With commercial beer though you'll probably get an awful lot of foaming due relatively high carbonation levels.

I'd follow the previous advice and purg the keg and then gently pour the bottles into it, maybe even with Linz's idea of a funnel and hose.

I would still think though that it should be drunk fairly quickly in case too much O2 gets involved.

Trev
 
To update this I just decided to drink the bottles, 12 down, 5 to be drunk by saturday when I bottle the last half of my xmas case...

XXXX and New.. yum yum.. haha
 
Trev said:
I once had a batch in bottles that refused to carbonate, even after quite a few weeks all I got when I opened them was a faint hsssss.

I had just got the kegging system up and running so I did exactly what you're intending and it worked fine, as a matter of fact it was a damn fine batch (Amber Ale) and was gone in no time at all - no chance of oxidisation :D

With commercial beer though you'll probably get an awful lot of foaming due relatively high carbonation levels.

I'd follow the previous advice and purg the keg and then gently pour the bottles into it, maybe even with Linz's idea of a funnel and hose.

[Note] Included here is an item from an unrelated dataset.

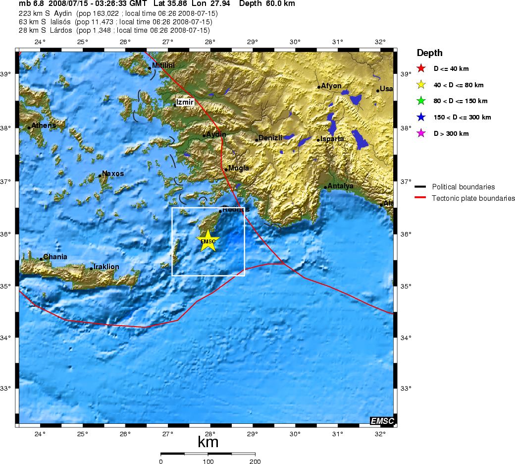 Schweres Erdbeben vor Rhodos Keine größeren Schäden oder gefährliche Flutwelle gemeldet (Dienstag, 15.07.08) Am Dienstag hat gegen 05:26 Uhr MESZ (= 06:26 Uhr Ortszeit) ein schweres Erdbeben die griechische Insel Rhodos und den Südwesten der Türkei erschüttert. Das unterseeische Beben erreichte nach vorläufigen Angaben des amerikanischen Erdbebendienstes die Stärke 6,4. Das Epizentrum lag bei der Südspitze der Insel Rhodos und etwa 145 Kilometer südsüdwestlich der türkischen Stadt Mugla. Der Erdbebenherd befand sich 60 bis 70 Kilometer unter der Oberfläche. Das Beben war in der gesamten Region von Rhodos bis nach Kreta und auf den Ägäisinseln sowie im Südwesten der Türkei zu spüren. Auf der Insel Rhodos flohen zahlreiche Menschen in Panik aus den Häusern. Bei einem Sturz kam eine Frau ums Leben. Meldungen über größere Schäden oder eine gefährliche Flutwelle liegen nicht vor. ![]() © by USGS - Die Karte des amerikanischen Erdbebendienstes zeigt die Lage des Epizentrums bei Rhodos. ![]() © by USGS - Diese Karte des amerikanischen Erdbebendienstes zeigt ebenfalls die Lage des Epizentrums vor der türkischen Südwestküste. ![]() © by EMSC - Zum Vergrößern bitte klicken. Die Karte des EMSC zeigt die Berechnungen zum Epizentrum des European-Mediterranean Seismological Centre. ![]() © by USGS - Die Karte des amerikanischen Erdbebendienstes zeigt die Lage des Epizentrums im Osten Griechenlands. | |

I would still think though that it should be drunk fairly quickly in case too much O2 gets involved.

Trev
[post="84802"][/post]​

Has anyone else tried this? I was thinking of transfering a bottled batch to a keg, do I chill the bottles first or forget the idea outright due to o2 problems? I did a search and only found this entry. :unsure:
 
XXXX will probably taste better oxidised anyway (ha ha ha).
 
Corey said:
XXXX will probably taste better oxidised anyway (ha ha ha).
[post="91124"][/post]​


True, but I am not talking about mega swill fizzy rubbish.